### EXERCISE OBJECTIVE:
Transcribe, exactly and without pictures, the lines below from the line with "Gümüş Gold Renkli" to the line with "Scaling, and more)", both ends included, and no others.

Dataset excerpts
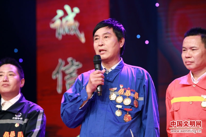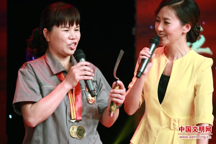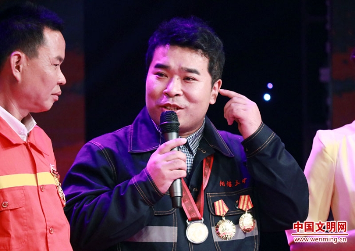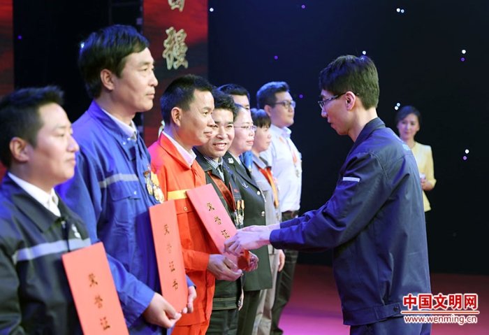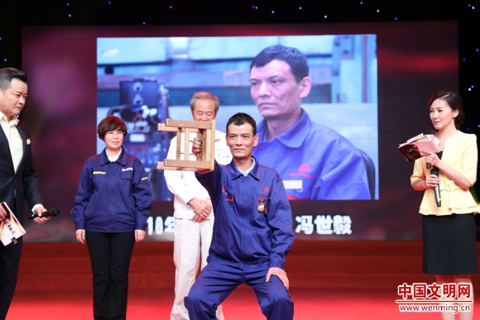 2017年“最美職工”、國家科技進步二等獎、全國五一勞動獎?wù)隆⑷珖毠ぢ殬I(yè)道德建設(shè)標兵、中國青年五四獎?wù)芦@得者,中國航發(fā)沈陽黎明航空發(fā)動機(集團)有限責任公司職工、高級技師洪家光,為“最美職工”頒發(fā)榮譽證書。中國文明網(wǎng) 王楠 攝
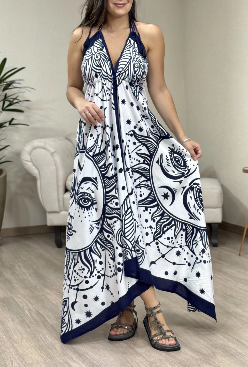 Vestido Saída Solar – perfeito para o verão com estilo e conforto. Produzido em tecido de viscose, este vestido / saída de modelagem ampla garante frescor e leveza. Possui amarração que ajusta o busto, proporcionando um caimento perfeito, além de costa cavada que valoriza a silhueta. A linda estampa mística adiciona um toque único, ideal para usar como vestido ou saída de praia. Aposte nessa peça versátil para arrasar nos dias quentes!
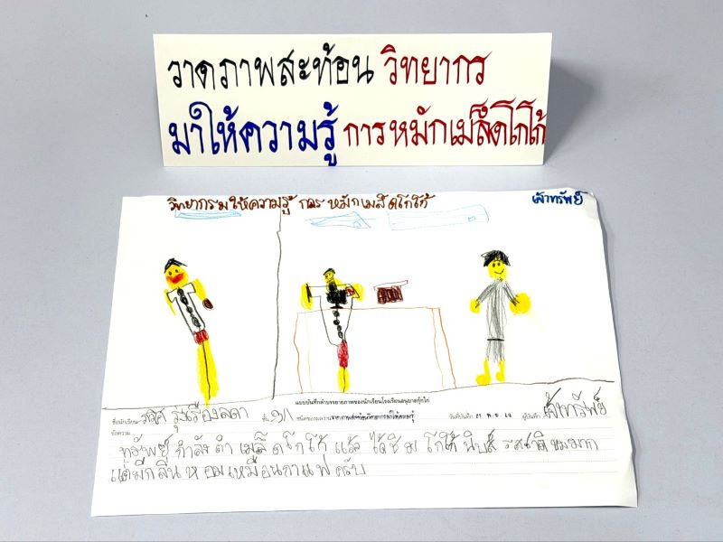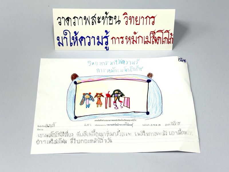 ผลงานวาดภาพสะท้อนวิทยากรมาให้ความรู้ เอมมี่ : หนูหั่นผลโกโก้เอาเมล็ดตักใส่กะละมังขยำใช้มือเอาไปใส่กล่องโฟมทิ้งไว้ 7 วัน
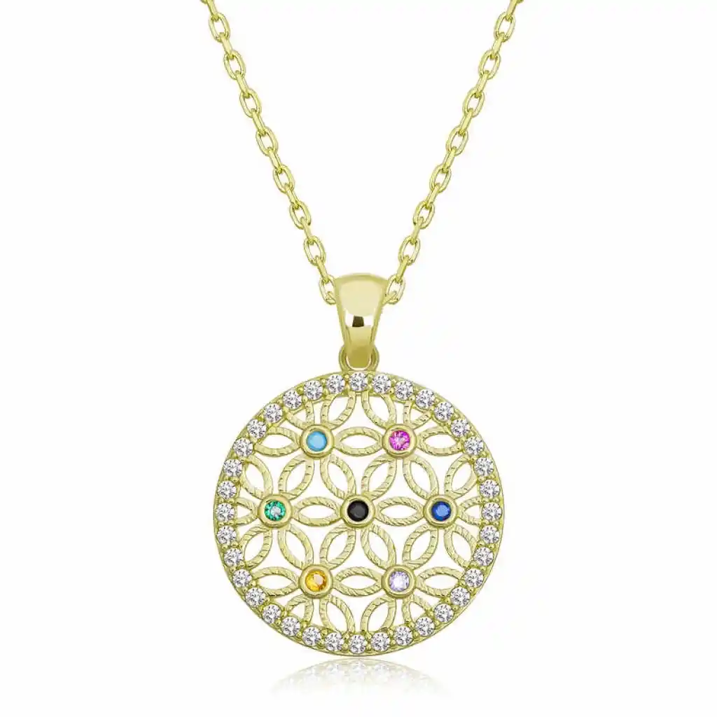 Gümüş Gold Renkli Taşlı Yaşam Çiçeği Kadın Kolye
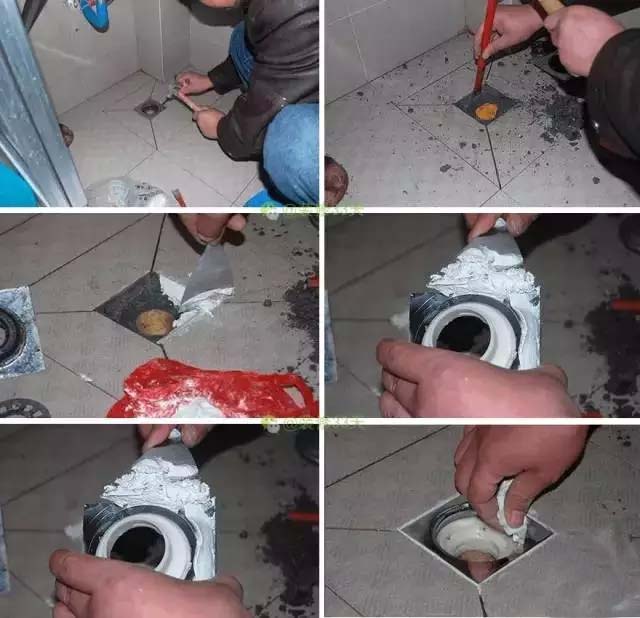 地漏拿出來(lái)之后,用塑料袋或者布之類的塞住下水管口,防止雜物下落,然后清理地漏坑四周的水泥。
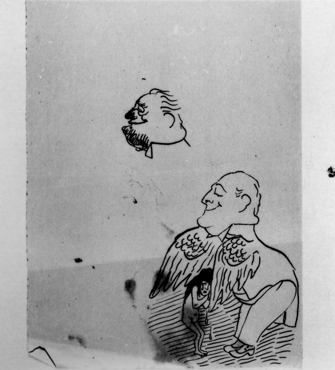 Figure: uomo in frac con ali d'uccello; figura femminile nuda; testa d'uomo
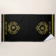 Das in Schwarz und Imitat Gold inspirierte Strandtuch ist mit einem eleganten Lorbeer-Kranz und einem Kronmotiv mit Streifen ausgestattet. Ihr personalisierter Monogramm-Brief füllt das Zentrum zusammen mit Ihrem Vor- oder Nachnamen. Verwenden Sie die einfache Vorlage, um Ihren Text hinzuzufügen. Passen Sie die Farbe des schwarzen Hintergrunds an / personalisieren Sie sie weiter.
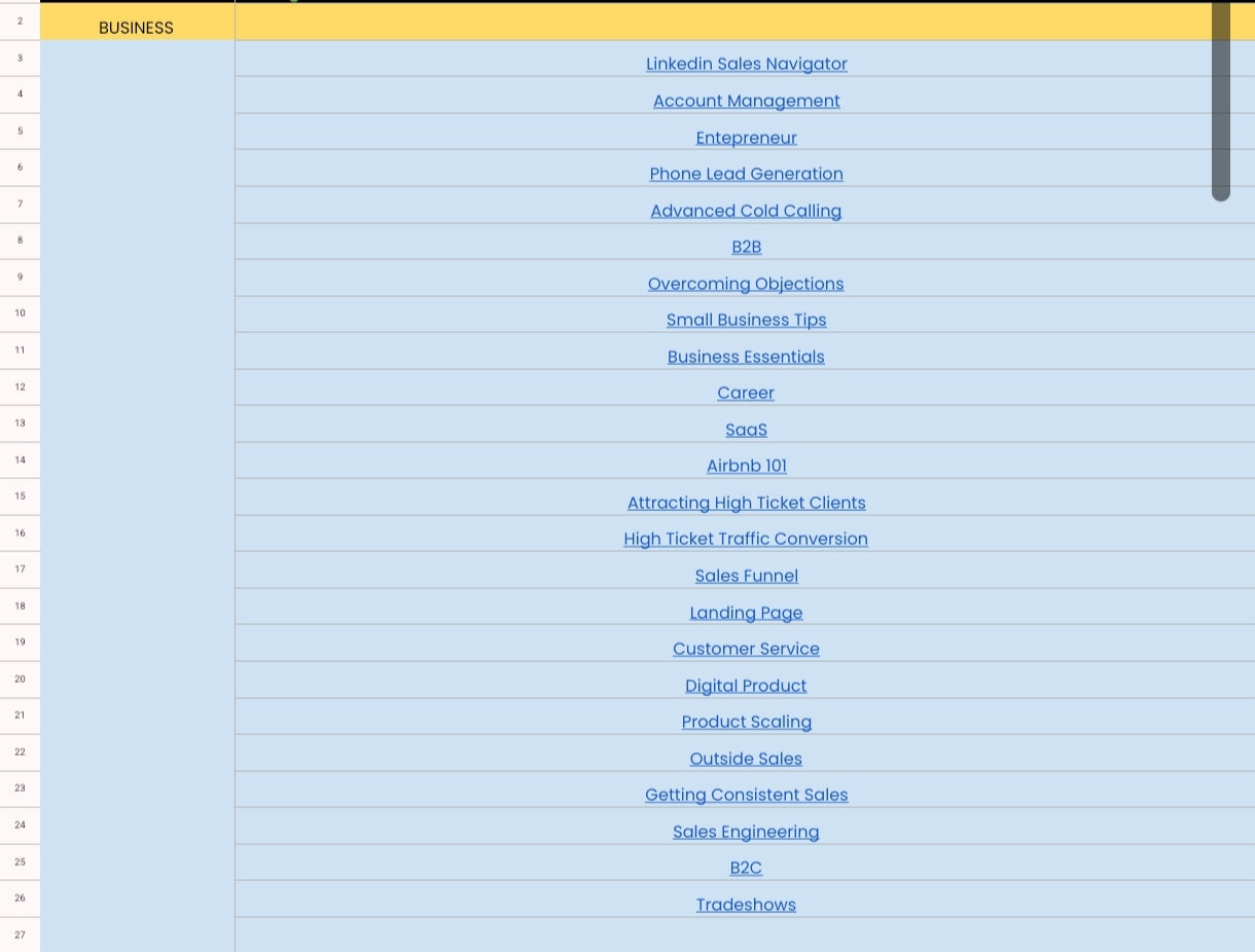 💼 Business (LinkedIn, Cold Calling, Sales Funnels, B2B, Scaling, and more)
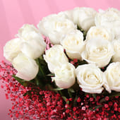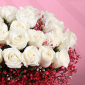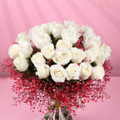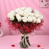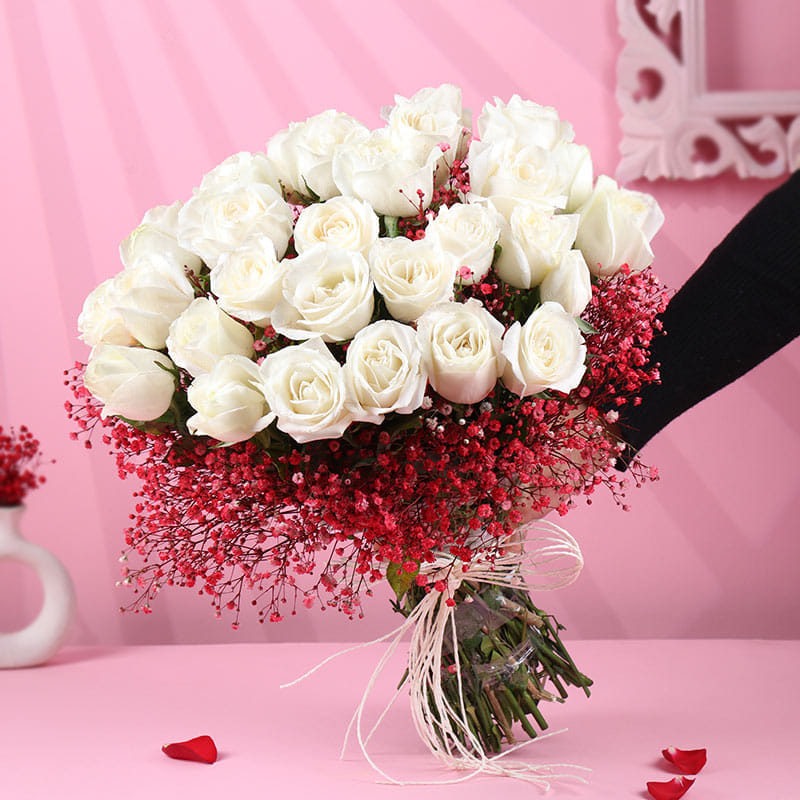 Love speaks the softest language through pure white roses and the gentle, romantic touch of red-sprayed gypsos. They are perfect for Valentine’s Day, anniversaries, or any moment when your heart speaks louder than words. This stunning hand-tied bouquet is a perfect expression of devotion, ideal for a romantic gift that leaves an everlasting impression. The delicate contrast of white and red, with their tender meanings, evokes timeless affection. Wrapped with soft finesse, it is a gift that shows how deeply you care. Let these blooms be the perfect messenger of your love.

### RESULT:
 Gümüş Gold Renkli Taşlı Yaşam Çiçeği Kadın Kolye
 地漏拿出來(lái)之后,用塑料袋或者布之類的塞住下水管口,防止雜物下落,然后清理地漏坑四周的水泥。
 Figure: uomo in frac con ali d'uccello; figura femminile nuda; testa d'uomo
 Das in Schwarz und Imitat Gold inspirierte Strandtuch ist mit einem eleganten Lorbeer-Kranz und einem Kronmotiv mit Streifen ausgestattet. Ihr personalisierter Monogramm-Brief füllt das Zentrum zusammen mit Ihrem Vor- oder Nachnamen. Verwenden Sie die einfache Vorlage, um Ihren Text hinzuzufügen. Passen Sie die Farbe des schwarzen Hintergrunds an / personalisieren Sie sie weiter.
 💼 Business (LinkedIn, Cold Calling, Sales Funnels, B2B, Scaling, and more)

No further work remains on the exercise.